The first steps of the algorithm may be biased by the initial value, and are therefore usually discarded for the further analysis (burn-in time). An interesting output to look at is the acceptance rate: how often was a proposal rejected by the metropolis-hastings acceptance criterion? The acceptance rate can be influenced by the proposal function: generally, the closer the proposals are, the larger the acceptance rate. Very high acceptance rates, however, are usually not beneficial: this means that the algorithms is “staying” at the same point, which results in a suboptimal probing of the parameter space (mixing). It can be shown that acceptance rates between 20% and 30% are optimal for typical applications (more on that here).
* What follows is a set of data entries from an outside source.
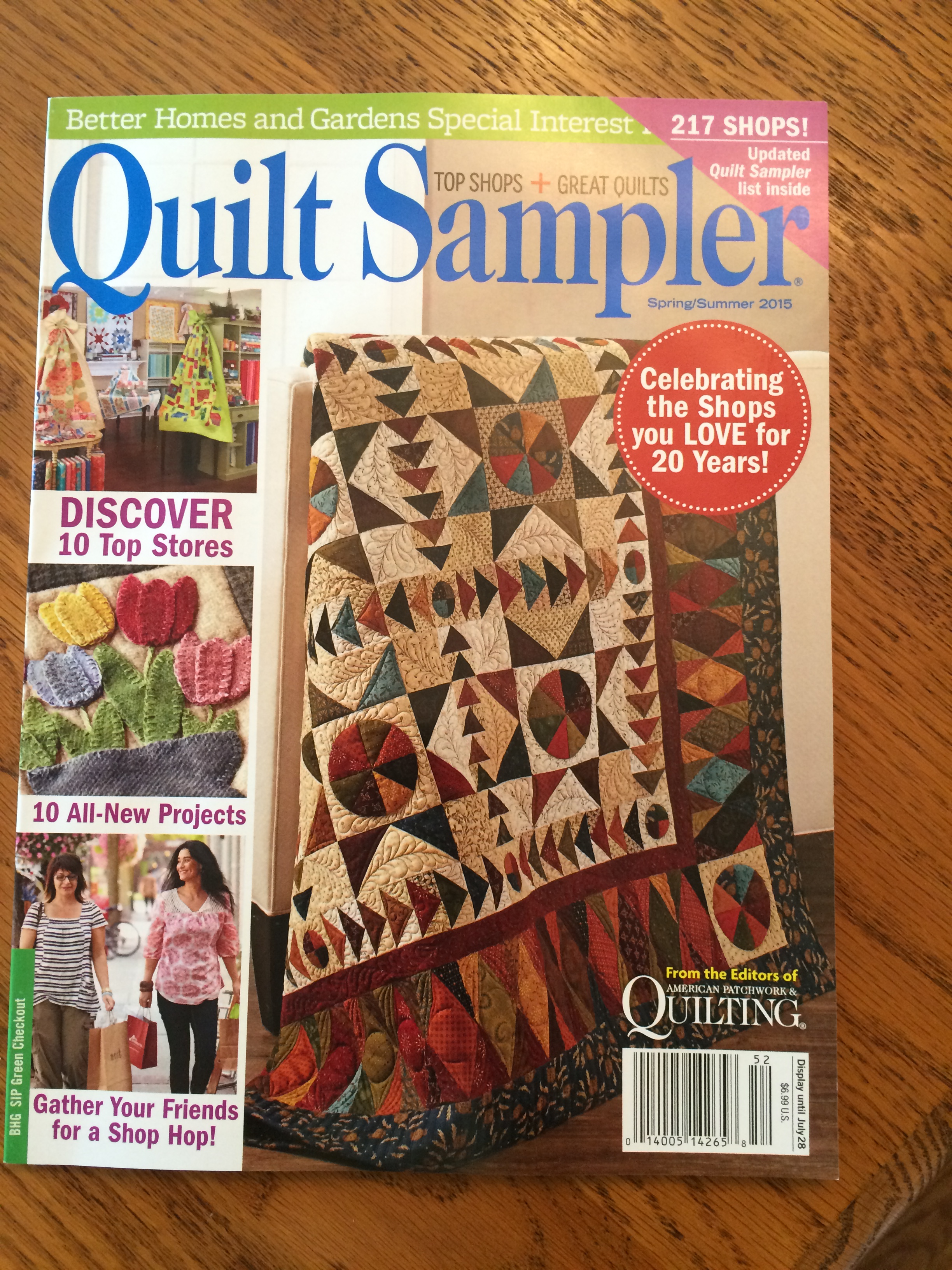 In the latest edition of Quilt Sampler magazine (available here soon), a quilt designed and made by my local quilt store owner – Kate Laskowski of Main Street Quilt Company – and quilted by ME, is not only featured in the magazine, but is also on the COVER! Yes, the cover of the magazine! Isn’t that just awesome! I feel so honored to have been a small part of this great accomplishment by Kate. I’ve known for a while now that the quilt was to be one of 10 featured in the magazine, but only recently found out it was chosen for the magazine cover.
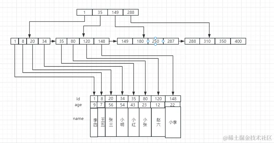 与二叉树一样,B+ 树也是一种树结构,与之不同的点在于每一层并非只有左右两个子结点,而是可以有多个结点,而在 InnoDB 中,数据都是存储在叶子结点上,现在假设我们有一张 user 表,以 id 为主键,有 name、age 这两个字段,那么数据的存储示意图则如下:
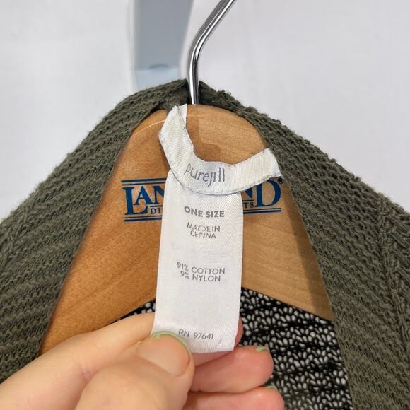 J. JILL Pure Open Front Wrap Cardigan Sweater Draped Kimono Cape Green One Size
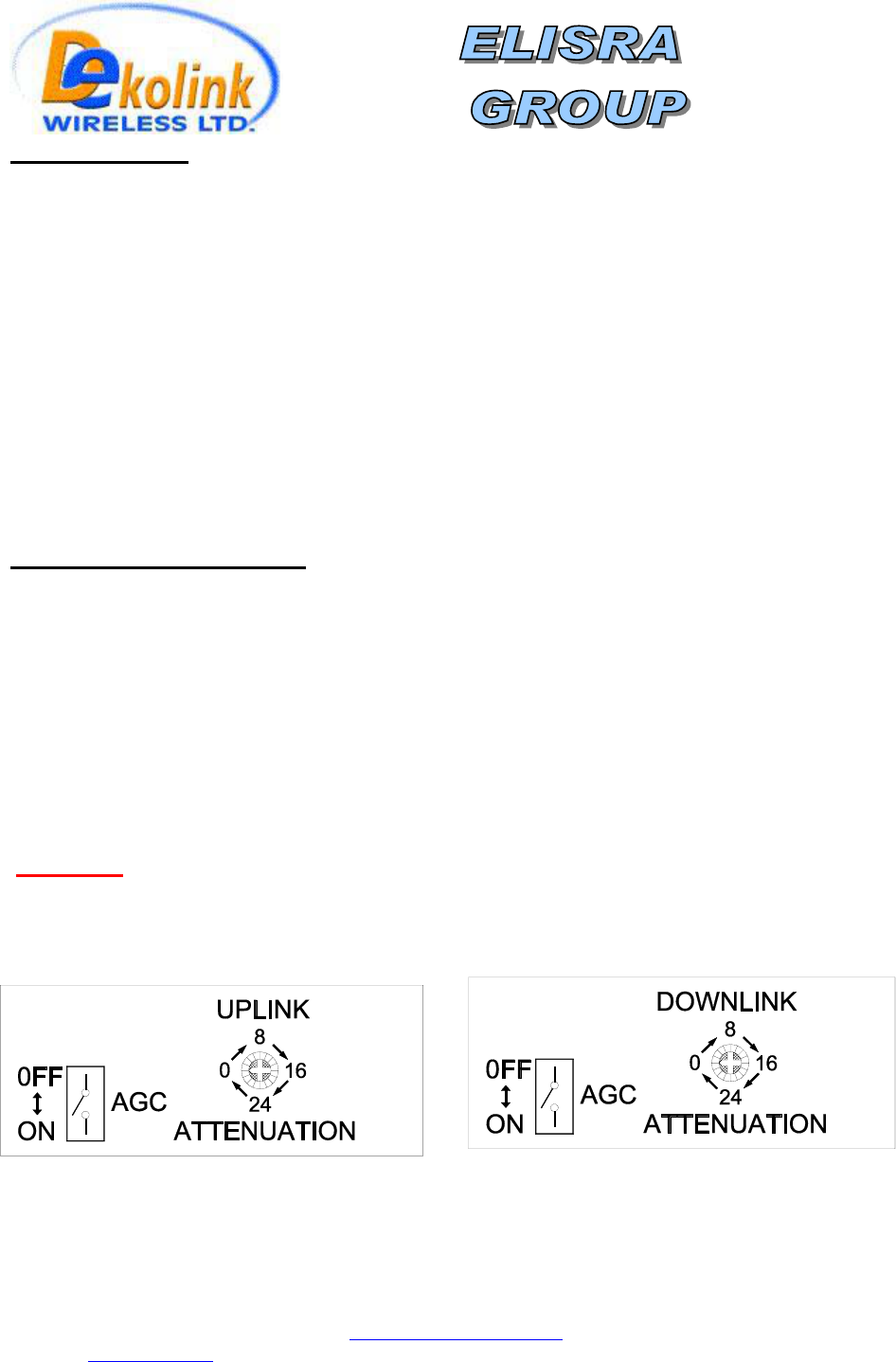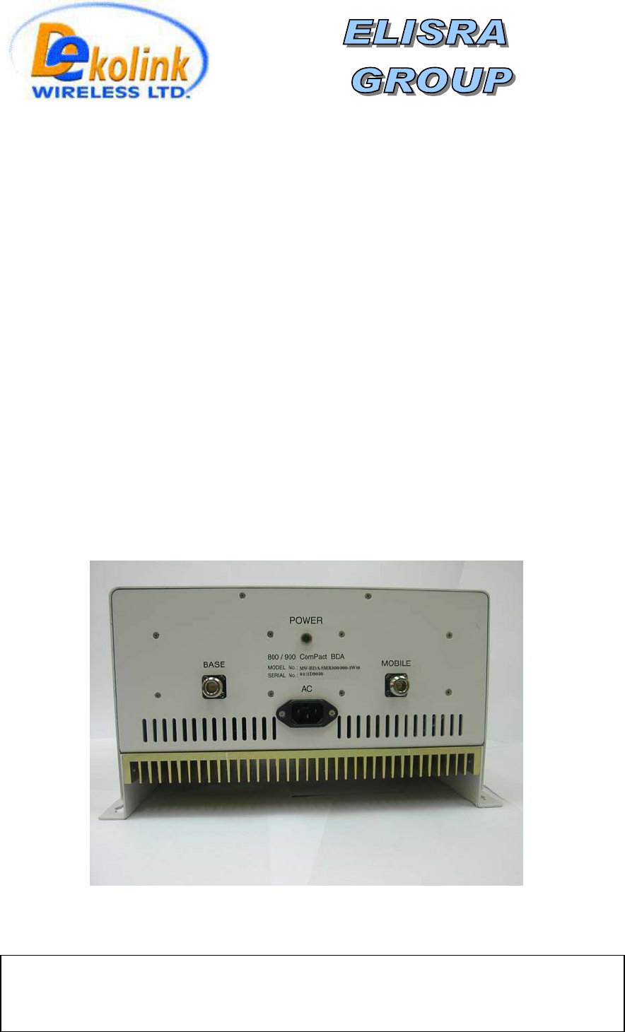 Dekolink Wireless Ltd Bi-Directional Booster INSTALLATION

Finally, we can plot the results. There are more elegant ways of plotting this which I discuss in another recent post, so check this out, but for the moment I didn’t want to use any packages, so we do it the hard way:

### Summary: #######################

par(mfrow = c(2,3))
hist(chain[-(1:burnIn),1],nclass=30, , main="Posterior of a", xlab="True value = red line" )
abline(v = mean(chain[-(1:burnIn),1]))
abline(v = trueA, col="red" )
hist(chain[-(1:burnIn),2],nclass=30, main="Posterior of b", xlab="True value = red line")
abline(v = mean(chain[-(1:burnIn),2]))
abline(v = trueB, col="red" )
hist(chain[-(1:burnIn),3],nclass=30, main="Posterior of sd", xlab="True value = red line")
abline(v = mean(chain[-(1:burnIn),3]) )
abline(v = trueSd, col="red" )
plot(chain[-(1:burnIn),1], type = "l", xlab="True value = red line" , main = "Chain values of a", )
abline(h = trueA, col="red" )
plot(chain[-(1:burnIn),2], type = "l", xlab="True value = red line" , main = "Chain values of b", )
abline(h = trueB, col="red" )
plot(chain[-(1:burnIn),3], type = "l", xlab="True value = red line" , main = "Chain values of sd", )
abline(h = trueSd, col="red" )

# for comparison:
summary(lm(y~x))

Call:
lm(formula = y ~ x)

Residuals:
    Min      1Q  Median      3Q     Max
-15.844  -5.834  -1.342   5.479  19.348

Coefficients:
            Estimate Std. Error t value Pr(>|t|)
(Intercept)  -0.7967     1.6512  -0.482    0.633
x             5.0498     0.1846  27.354   <2e-16 ***
---
Signif. codes:  0 ‘***’ 0.001 ‘**’ 0.01 ‘*’ 0.05 ‘.’ 0.1 ‘ ’ 1

Residual standard error: 9.193 on 29 degrees of freedom
Multiple R-squared:  0.9627,    Adjusted R-squared:  0.9614
F-statistic: 748.3 on 1 and 29 DF,  p-value: < 2.2e-16

The resulting plots should look something like the plot above. You see that we retrieve more or less the original parameters that were used to create our data, and you also see that we get a certain area around the highest posterior values that also have some support by the data, which is the Bayesian equivalent of confidence intervals.

Remark:

The upper row shows posterior estimates for slope (a), intercept (b) and standard deviation of the error (sd). The lower row shows the Markov Chain of parameter values.

References for further reading

Gelman, A.; Carlin, J. B.; Stern, H. S. & Rubin, D. B. (2003) Bayesian Data Analysis
Andrieu, C.; de Freitas, N.; Doucet, A. & Jordan, M. I. (2003) An introduction to MCMC for machine learning Mach. Learning, Springer, 50, 5-43
Hartig, F.; Calabrese, J. M.; Reineking, B.; Wiegand, T. & Huth, A. (2011) Statistical inference for stochastic simulation models – theory and application Ecol. Lett., 14, 816–827.